Pulling in deep gasps of clean, untainted air helped. My head became clearer now that the scent was not present. But it did not totally lessen the devastating bloodlust, for I could perfectly recall the inescapably delicious scent. If she smelled so incredible, how much better would her blood taste....

I shouldn't think of that. I couldn't think of that. I was more than that, more than a monster.

We passed the outskirts of the city within minutes. When we arrived home, Carlisle continued to streak past the house.

"Let's hunt," he suggested suddenly, slowing down with a hand on my wrist so that I would comply. He took a slight detour from our intended path into a more forested area. He could pick up on the sound of a herd of deer sixty yards away. He thought this would help ebb the desire for the girl's blood.
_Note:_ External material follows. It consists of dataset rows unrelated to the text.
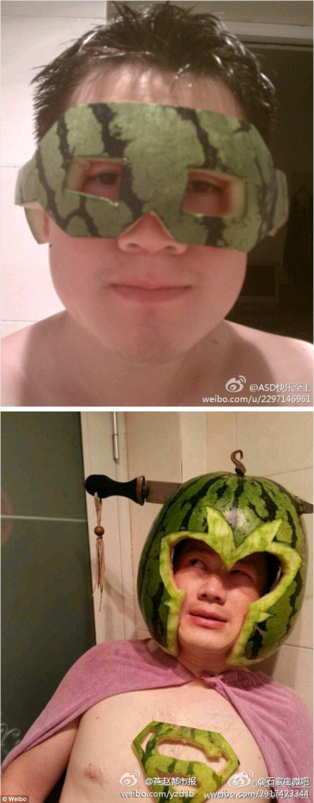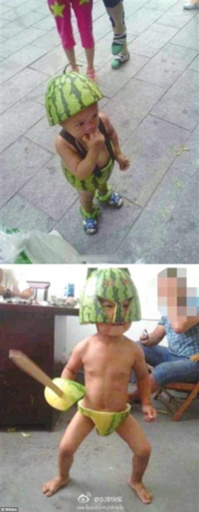 Si-a imbracat copilul intr-un pepene. Solutia unui barbat din China impotriva caniculei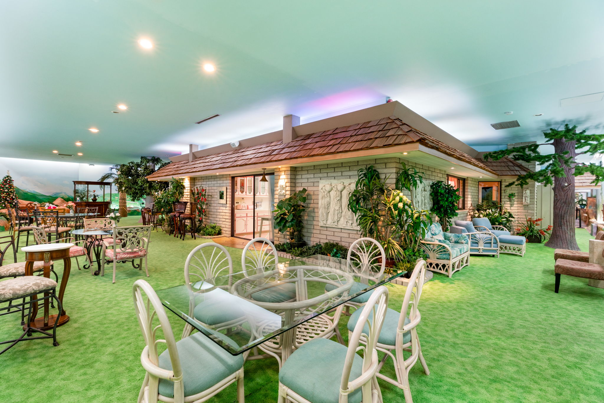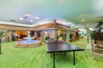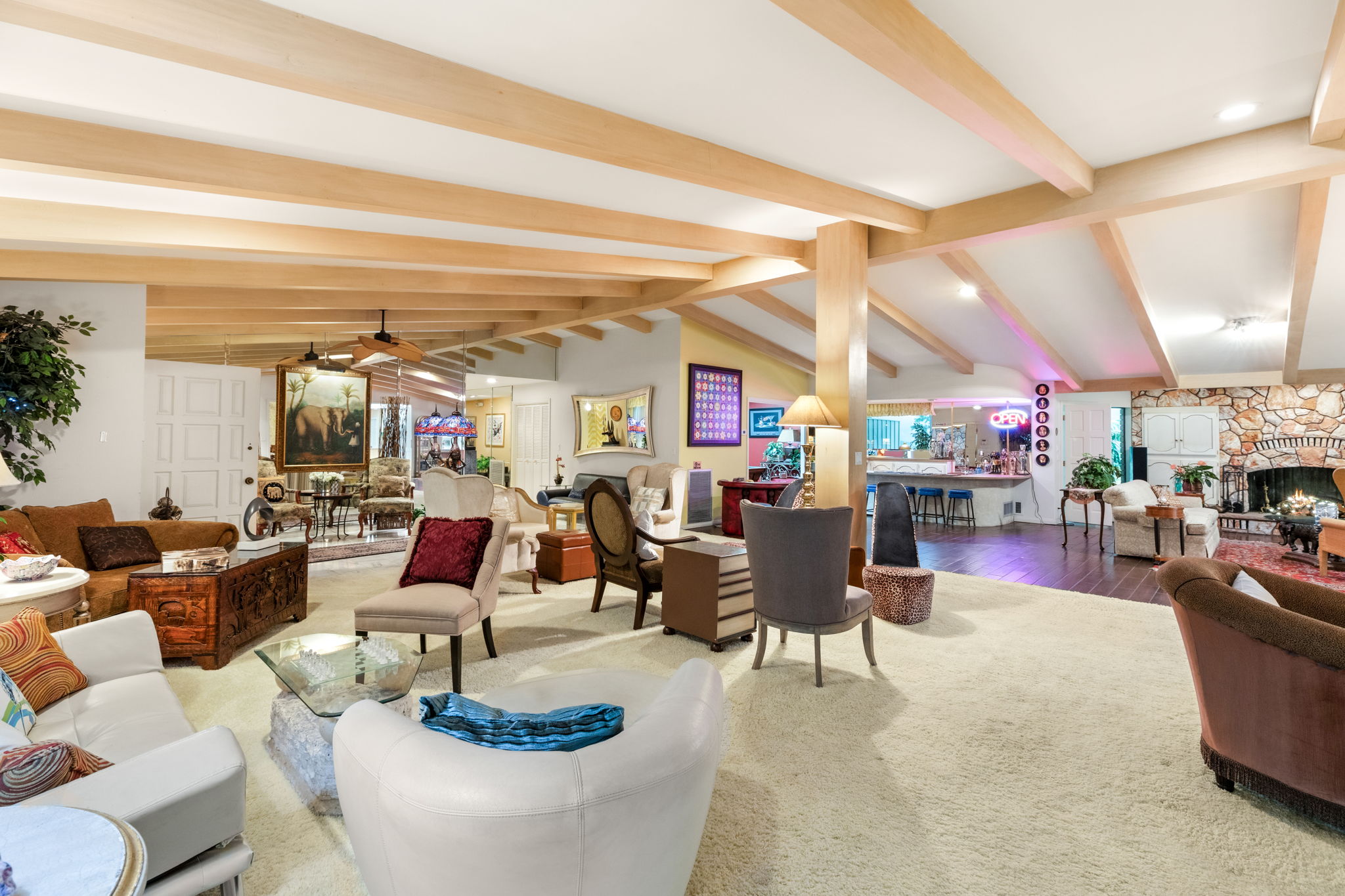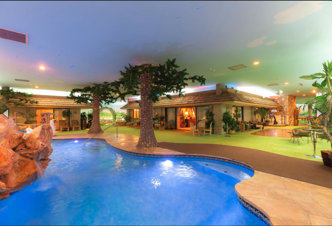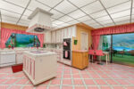 The residence is as functional as it is imaginative. A retro 1970s kitchen, pristine in its original detail, offers a nostalgic yet practical culinary hub. Leisure amenities abound: an indoor swimming pool, putting green, theater, dance floor, bar, sauna, and hot tubs create endless possibilities for entertaining and relaxation. Every space was designed for self-contained living, blending both extravagance and purpose.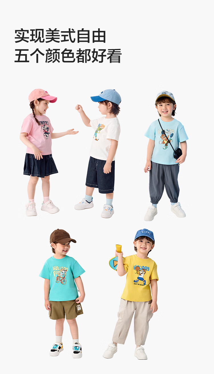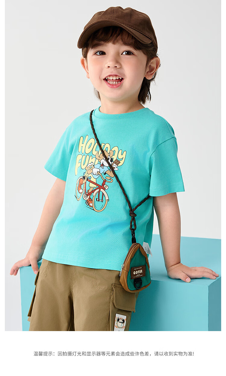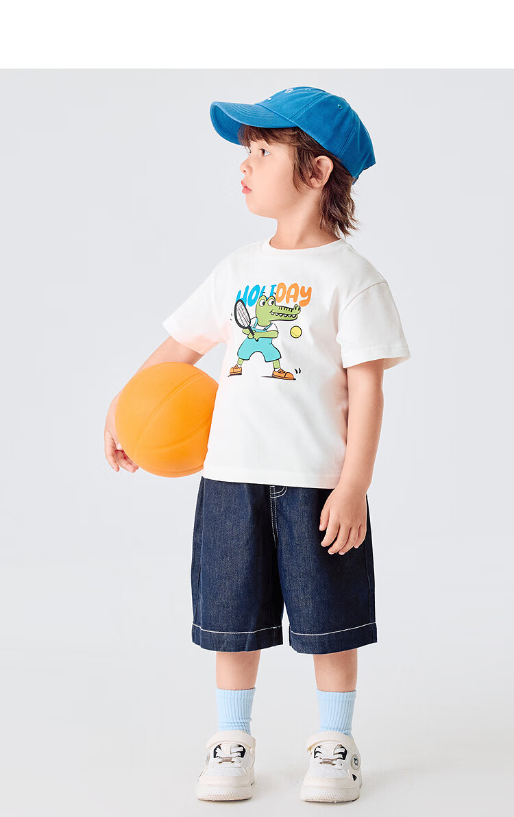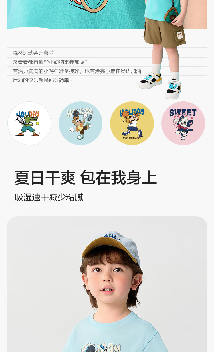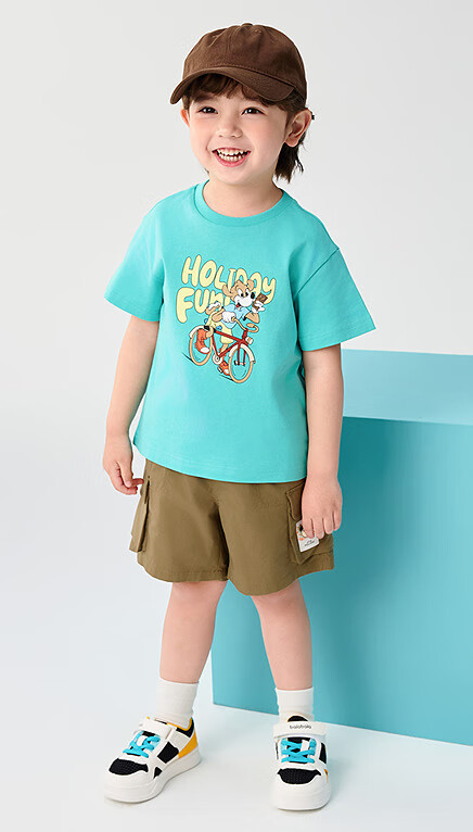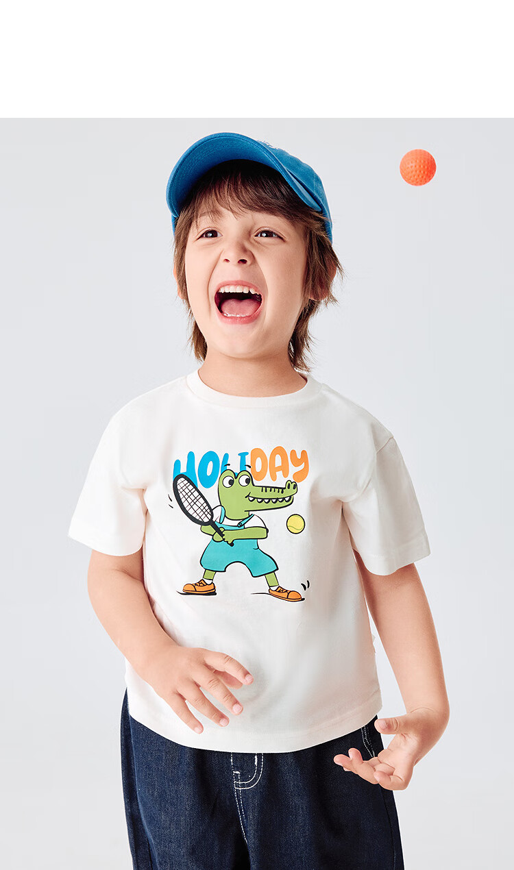 巴拉巴拉童装儿童t恤纯棉短袖上衣女童男童夏装吸湿速干 粉蓝80072 120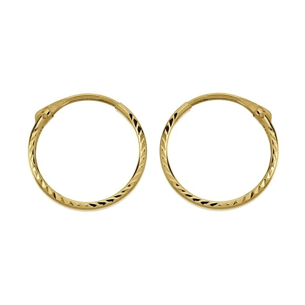 The diamond cut patterning on one side of these 12mm diameter hoop earrings makes them perfect for newly pierced ears. Made in the UK.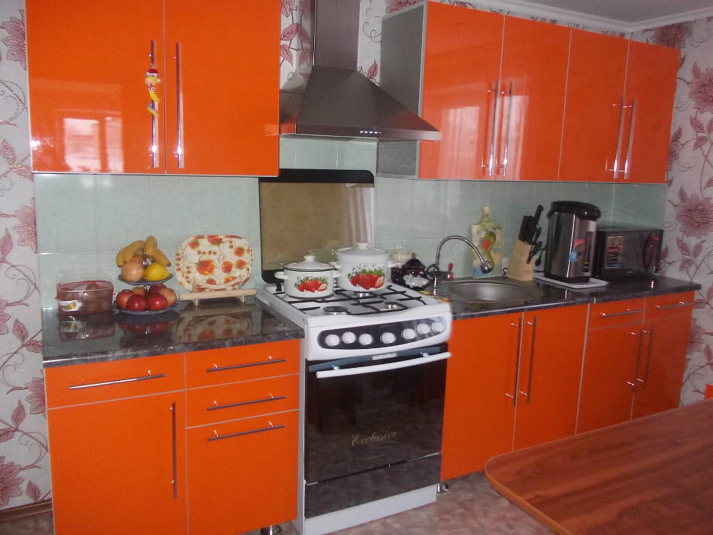 Отделка фасада кухни пленкой ПВХ сегодня востребована ввиду невысокой цены подобных вариантов. ПВХ-пленка, покрывающая фасад кухни, достаточно устойчива к воздействию воды, с ее поверхности легко смываются жирные пятна.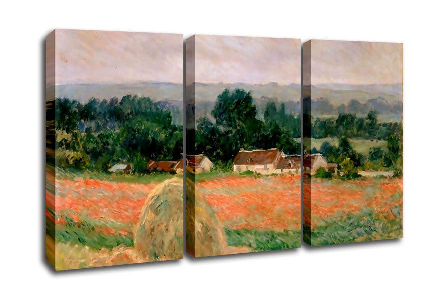 Monet Haystacks At Giverny 3 Panel Canvas Print handmade in the UK. Stretched over a 2 inch thick wooden box frame, ready to hang on your wall.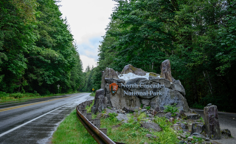 ノースカスケード国立公園の入り口サインワシントン州ワシントン州マーブルマウント、USACREDIT:ShutterStock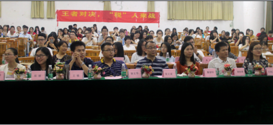 2017年5月23日19:00,广东财经大学华商学院第二届“税收杯”营改增大赛决赛在励志楼C308隆重举行。会计学院副院长巴雅尔,团总支书记梁银雄,学生会指导老师苏博云,王敏、昝文华、张丽、马玉娟老师等嘉宾出席本次大赛。增城国税局税政科科长夏文斌、办公室魏健怡同志也莅临比赛现场。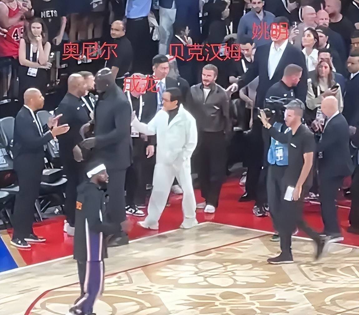 在这种场合下,“香港顶流”姜涛都显得有些黯然失色。当观众席坐的七七八八后,巨星们开始进场了,奥尼尔、成龙、贝克汉姆和姚明一字排开。

The scent was not appealing in the least to me now, it slightly turned my stomach, but I allowed my body to follow him, almost mechanically. When we came upon the herd, we did not hesitate. I sprang at the closest one to me and Carlisle took one at my left.

My teeth sank in and I began to drink, but it only made it worse. Because in comparison to the girl's scent, this blood was now repulsive, disgusting. How could it help going down my throat when it felt just as ragged and torched as when I first smelled the girl's scent? All I wanted to do was spit this revolting blood back out; this blood was not worth touching my lips to anymore. There was only one blood fit for that.

And there was no choice about it. No point in trying to delay the inevitable.

I would kill Isabella Swan.

Now that I had made the decision, embraced the monster in me, my mind went into strategic planning. Carlisle was going to try to stop me. But even after having lost most of my newborn strength, I was much faster than him. He was still occupied now with the deer. He hadn't needed to feed obviously, but he had wanted to show a sign of solidarity with me, to make me feel better. Always too compassionate, too trusting...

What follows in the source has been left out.